What the task asks:
The answer must reproduce all of the data below exactly and contain no images.

Dataset extract:
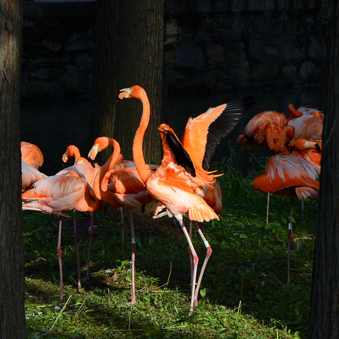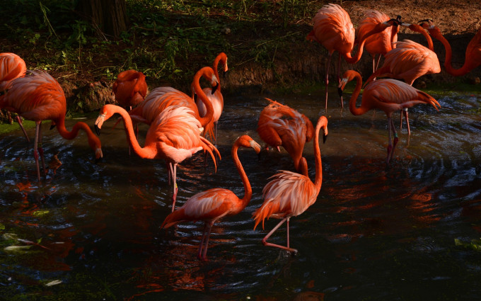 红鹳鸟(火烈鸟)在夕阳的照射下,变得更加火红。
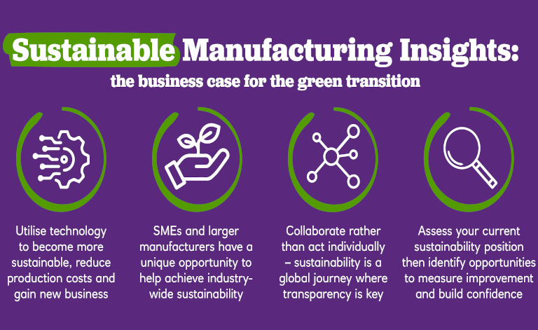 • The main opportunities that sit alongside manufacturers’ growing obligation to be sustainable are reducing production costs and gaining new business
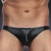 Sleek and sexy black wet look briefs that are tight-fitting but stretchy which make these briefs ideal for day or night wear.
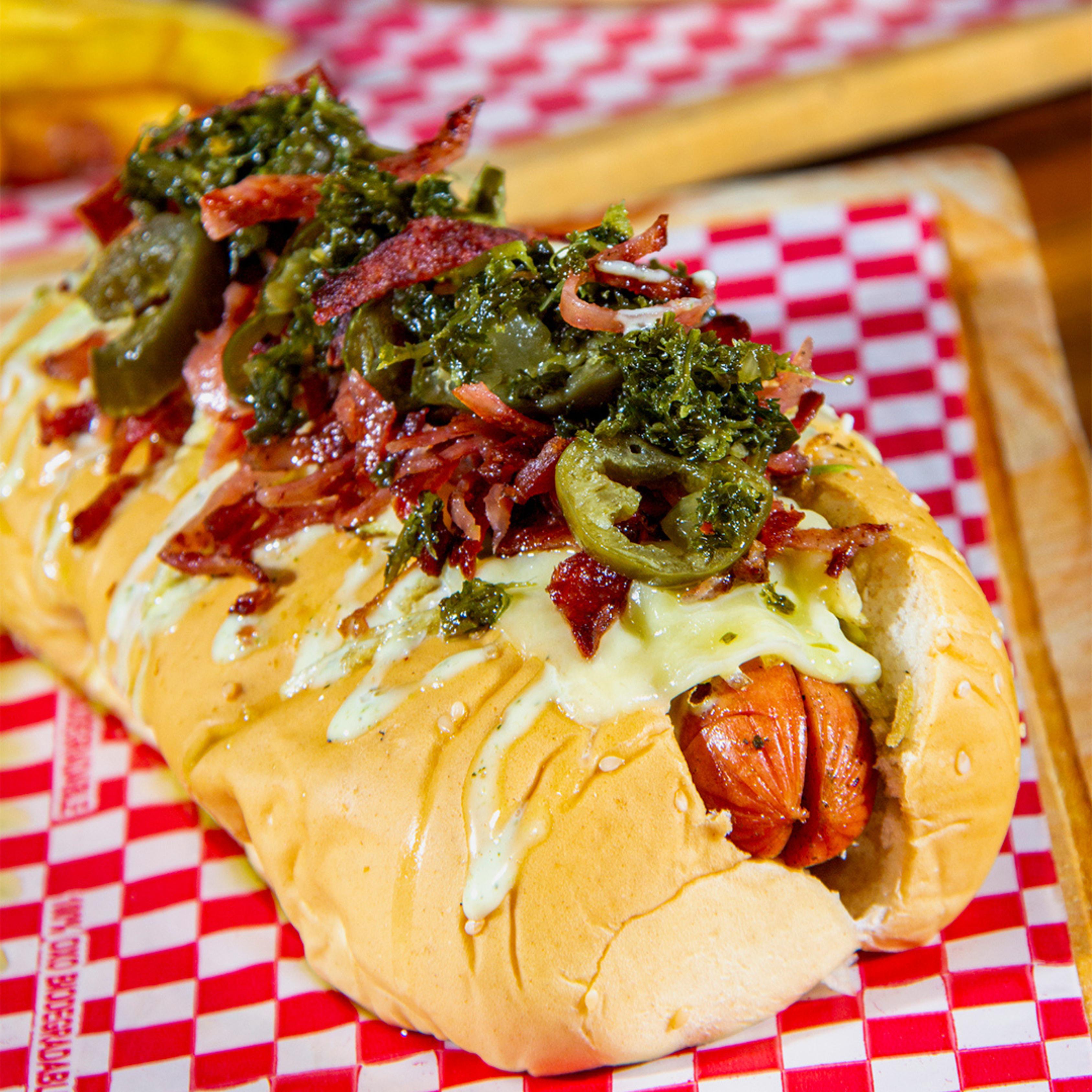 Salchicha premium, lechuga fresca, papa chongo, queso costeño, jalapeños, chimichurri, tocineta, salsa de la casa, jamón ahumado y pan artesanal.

Result of the exercise:
 红鹳鸟(火烈鸟)在夕阳的照射下,变得更加火红。
 • The main opportunities that sit alongside manufacturers’ growing obligation to be sustainable are reducing production costs and gaining new business
 Sleek and sexy black wet look briefs that are tight-fitting but stretchy which make these briefs ideal for day or night wear.
 Salchicha premium, lechuga fresca, papa chongo, queso costeño, jalapeños, chimichurri, tocineta, salsa de la casa, jamón ahumado y pan artesanal.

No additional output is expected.